PROMPT> From the listing below, please restate exactly the lines beginning at the one with "Hand poised over" and ending at the one with "Pluksla Amerikaanse Roodrand", both included, and skip the pictures.

INPUT RECORDS>
▶

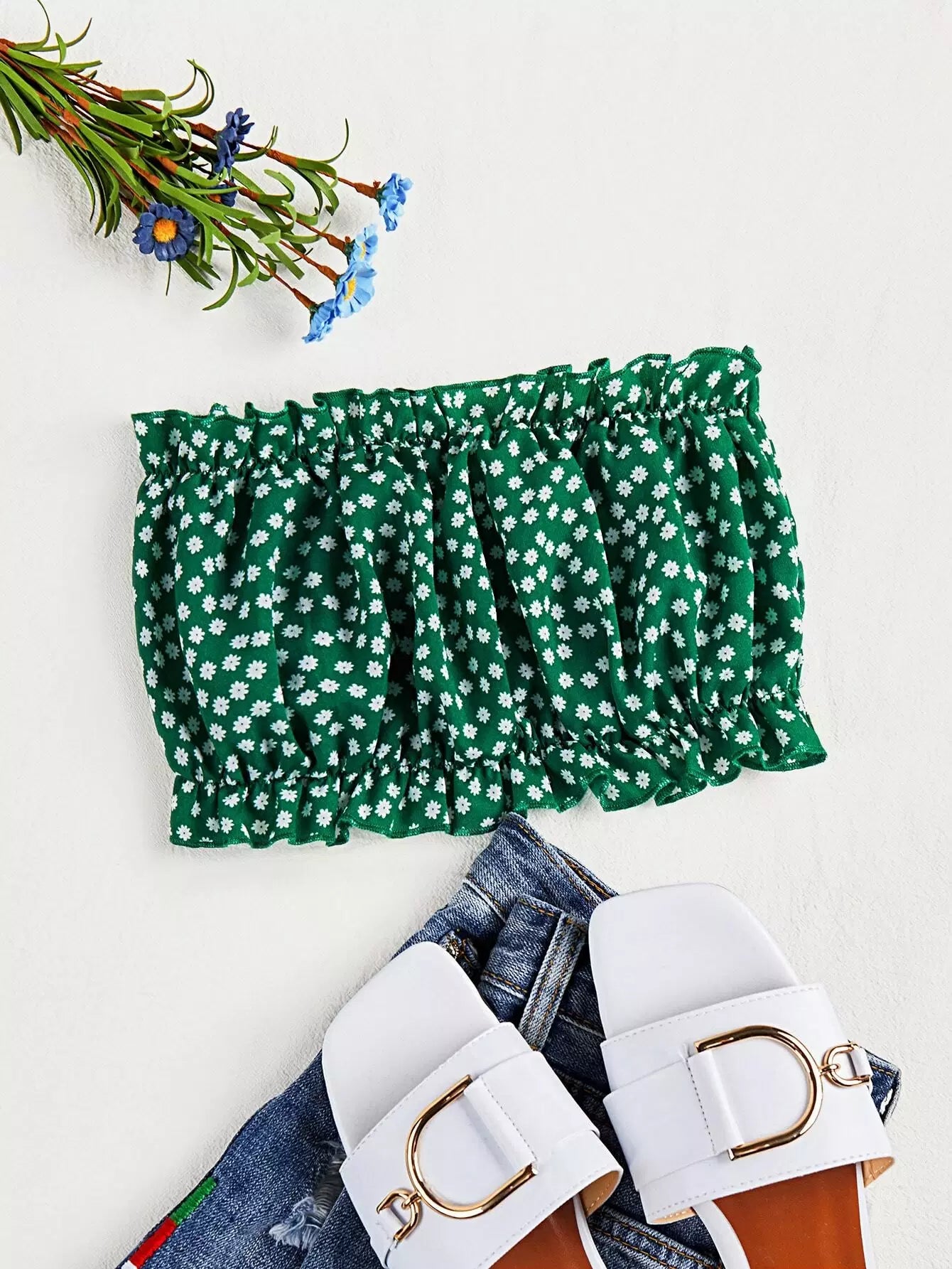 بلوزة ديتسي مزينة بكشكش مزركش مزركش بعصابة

◀
▶

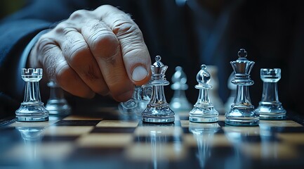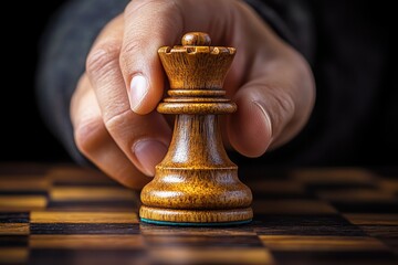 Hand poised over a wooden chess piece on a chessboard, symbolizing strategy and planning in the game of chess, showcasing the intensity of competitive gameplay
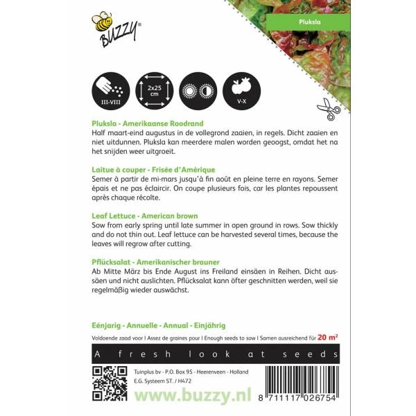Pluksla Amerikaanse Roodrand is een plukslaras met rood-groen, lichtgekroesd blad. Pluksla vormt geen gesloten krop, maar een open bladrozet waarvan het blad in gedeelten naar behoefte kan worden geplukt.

◀

RESPONSE TO THIS EXERCISE>
 Hand poised over a wooden chess piece on a chessboard, symbolizing strategy and planning in the game of chess, showcasing the intensity of competitive gameplay
Pluksla Amerikaanse Roodrand is een plukslaras met rood-groen, lichtgekroesd blad. Pluksla vormt geen gesloten krop, maar een open bladrozet waarvan het blad in gedeelten naar behoefte kan worden geplukt.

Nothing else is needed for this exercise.